As the answer, give exactly the lines of the records below from the one with "O Painel para TV 60" through the one with "和主流的轻卡房车相比,这款车", ends included and pictures left out.

◆ Supplied data:
━━━━
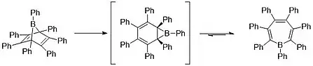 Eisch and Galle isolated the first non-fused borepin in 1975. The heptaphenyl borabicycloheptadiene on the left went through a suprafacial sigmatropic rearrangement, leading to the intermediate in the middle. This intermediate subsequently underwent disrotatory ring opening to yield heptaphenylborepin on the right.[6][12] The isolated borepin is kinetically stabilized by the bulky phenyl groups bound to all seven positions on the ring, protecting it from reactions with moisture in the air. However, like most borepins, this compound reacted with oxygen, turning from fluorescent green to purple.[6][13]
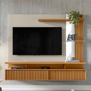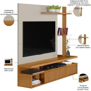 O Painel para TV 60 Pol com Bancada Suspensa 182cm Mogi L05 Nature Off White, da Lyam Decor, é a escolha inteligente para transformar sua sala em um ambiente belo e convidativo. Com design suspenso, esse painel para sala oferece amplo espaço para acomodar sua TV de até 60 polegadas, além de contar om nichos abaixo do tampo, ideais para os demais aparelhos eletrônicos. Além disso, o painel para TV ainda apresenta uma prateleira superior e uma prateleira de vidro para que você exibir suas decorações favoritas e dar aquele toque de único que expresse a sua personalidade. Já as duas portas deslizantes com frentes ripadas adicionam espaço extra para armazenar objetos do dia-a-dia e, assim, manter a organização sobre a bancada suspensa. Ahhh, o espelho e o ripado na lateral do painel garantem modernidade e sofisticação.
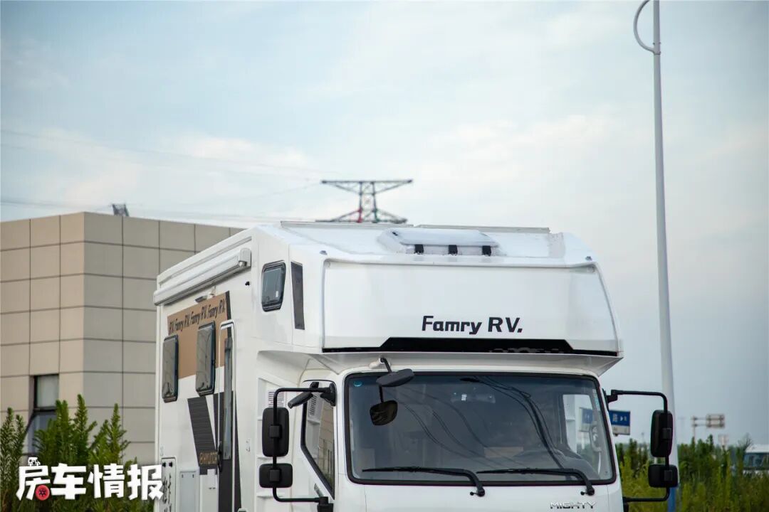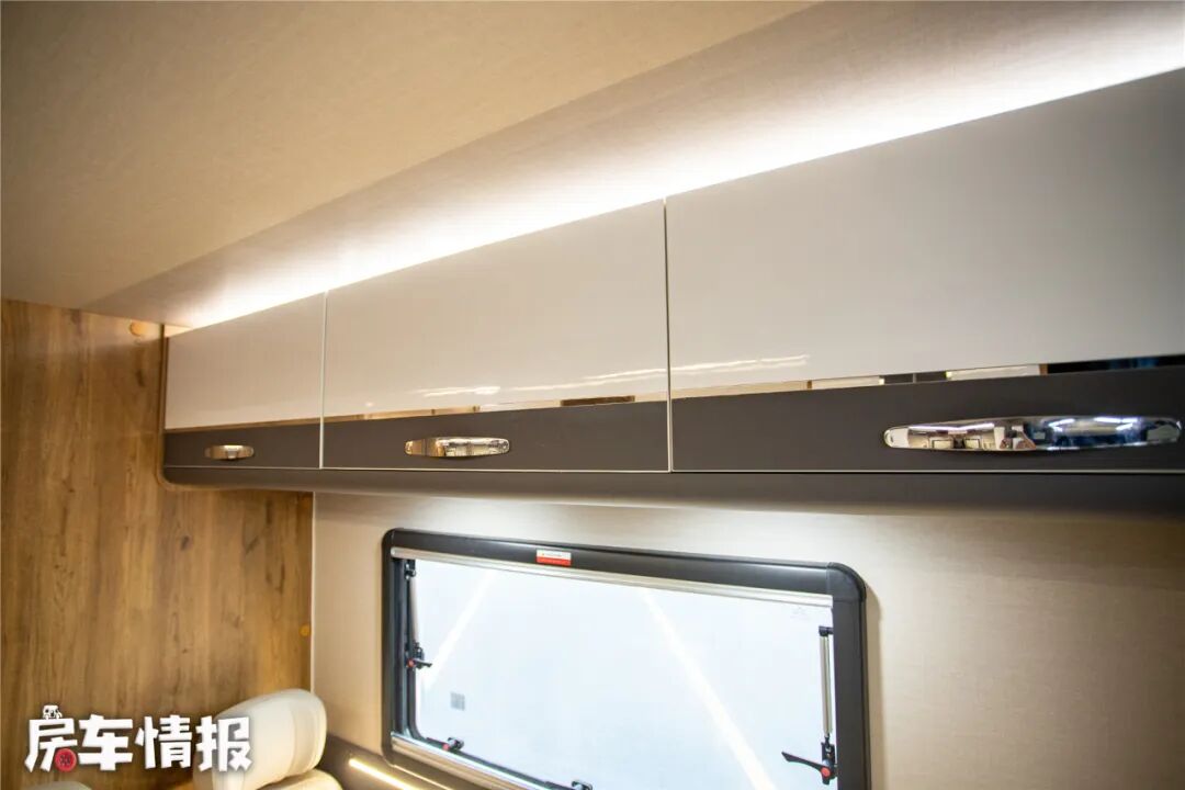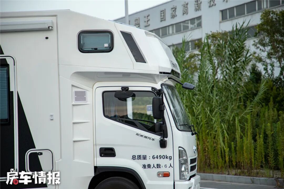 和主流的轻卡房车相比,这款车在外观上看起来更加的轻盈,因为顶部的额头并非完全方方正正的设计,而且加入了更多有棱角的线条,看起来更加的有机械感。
━━━━
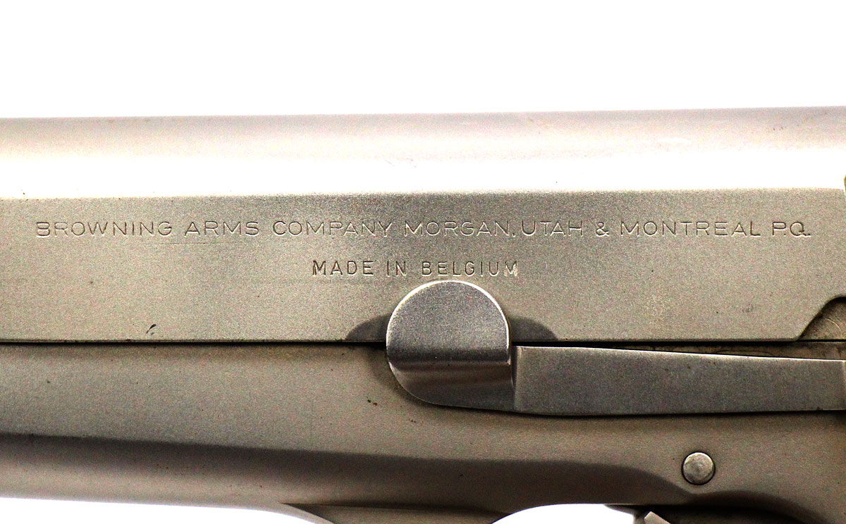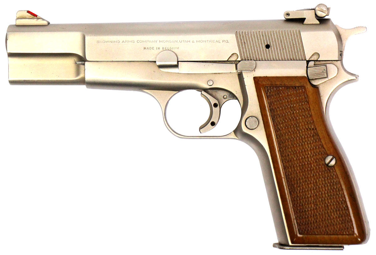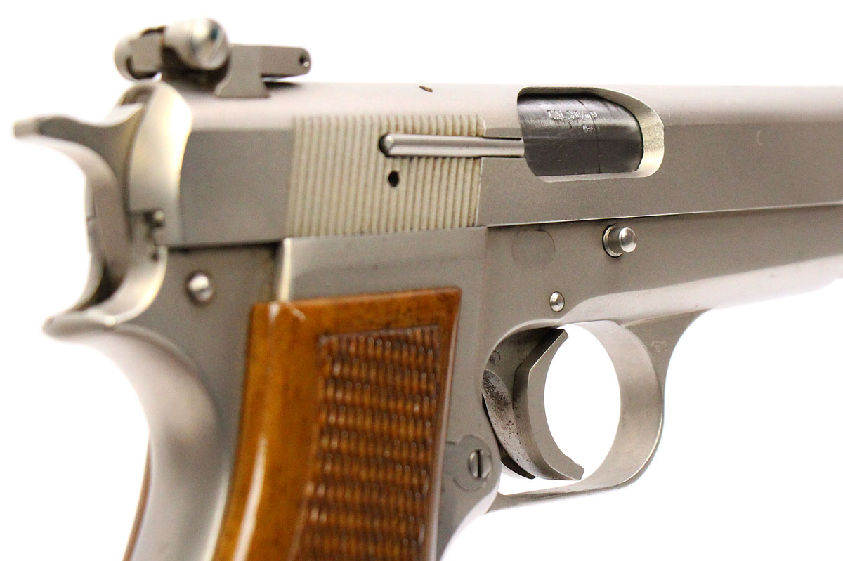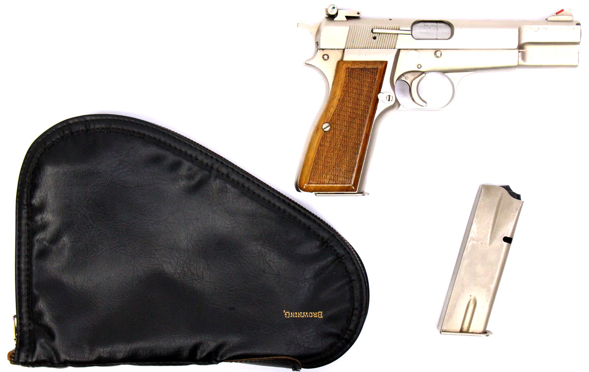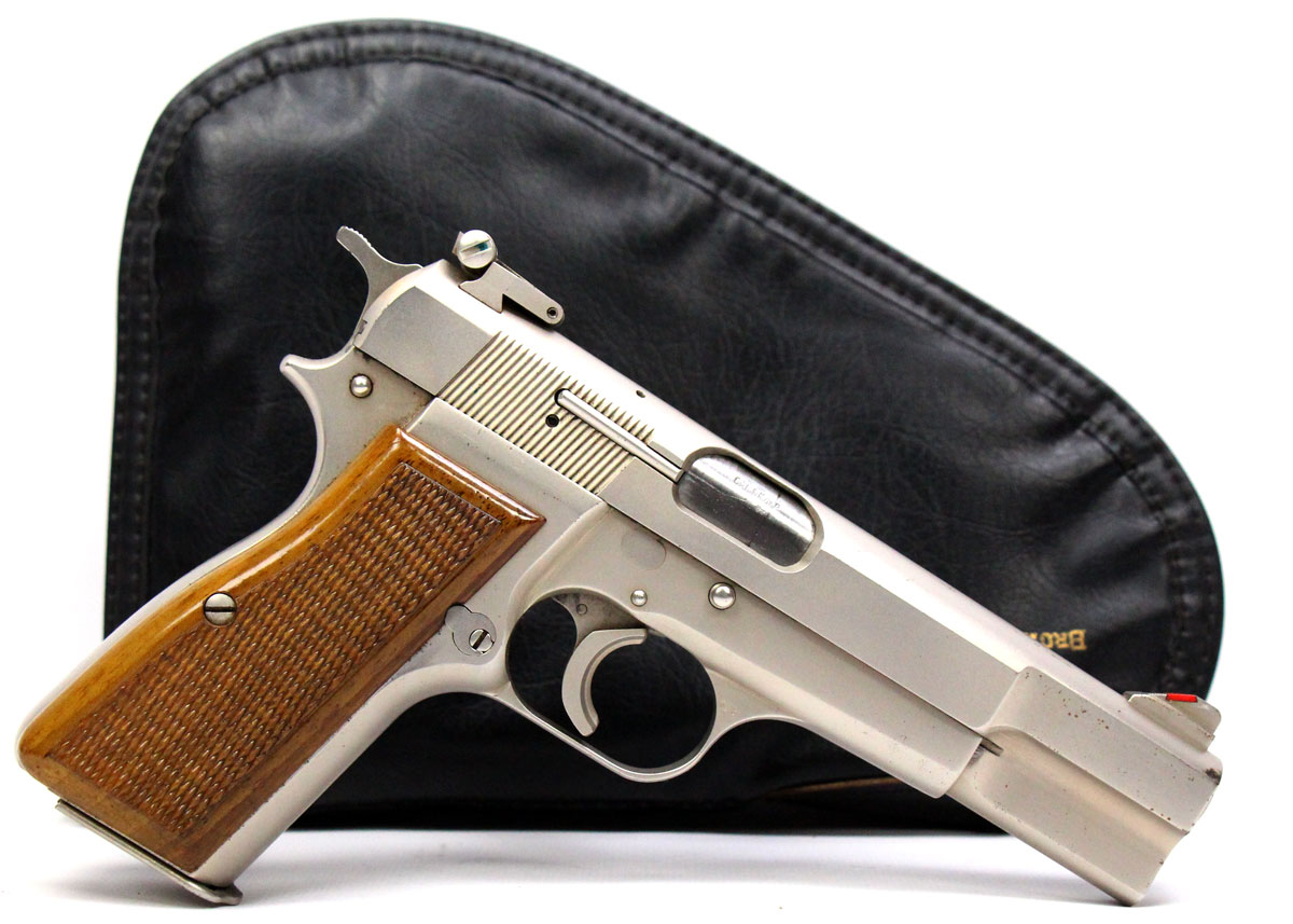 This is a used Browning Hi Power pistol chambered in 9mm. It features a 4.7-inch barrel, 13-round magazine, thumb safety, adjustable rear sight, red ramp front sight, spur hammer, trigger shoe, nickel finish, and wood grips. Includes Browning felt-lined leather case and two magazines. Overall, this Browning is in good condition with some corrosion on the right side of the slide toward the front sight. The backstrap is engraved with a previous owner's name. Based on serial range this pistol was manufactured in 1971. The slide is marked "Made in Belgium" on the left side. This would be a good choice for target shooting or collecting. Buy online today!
━━━━
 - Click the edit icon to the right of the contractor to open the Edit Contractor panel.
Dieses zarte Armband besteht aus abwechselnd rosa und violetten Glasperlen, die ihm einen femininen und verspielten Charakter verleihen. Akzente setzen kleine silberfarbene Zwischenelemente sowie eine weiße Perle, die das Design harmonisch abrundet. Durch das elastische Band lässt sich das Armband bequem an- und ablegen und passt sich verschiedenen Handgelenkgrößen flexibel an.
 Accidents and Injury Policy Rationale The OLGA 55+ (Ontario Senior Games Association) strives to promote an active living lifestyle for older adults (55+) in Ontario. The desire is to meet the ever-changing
━━━━
◆ Answer to this exercise:
 O Painel para TV 60 Pol com Bancada Suspensa 182cm Mogi L05 Nature Off White, da Lyam Decor, é a escolha inteligente para transformar sua sala em um ambiente belo e convidativo. Com design suspenso, esse painel para sala oferece amplo espaço para acomodar sua TV de até 60 polegadas, além de contar om nichos abaixo do tampo, ideais para os demais aparelhos eletrônicos. Além disso, o painel para TV ainda apresenta uma prateleira superior e uma prateleira de vidro para que você exibir suas decorações favoritas e dar aquele toque de único que expresse a sua personalidade. Já as duas portas deslizantes com frentes ripadas adicionam espaço extra para armazenar objetos do dia-a-dia e, assim, manter a organização sobre a bancada suspensa. Ahhh, o espelho e o ripado na lateral do painel garantem modernidade e sofisticação.
 和主流的轻卡房车相比,这款车在外观上看起来更加的轻盈,因为顶部的额头并非完全方方正正的设计,而且加入了更多有棱角的线条,看起来更加的有机械感。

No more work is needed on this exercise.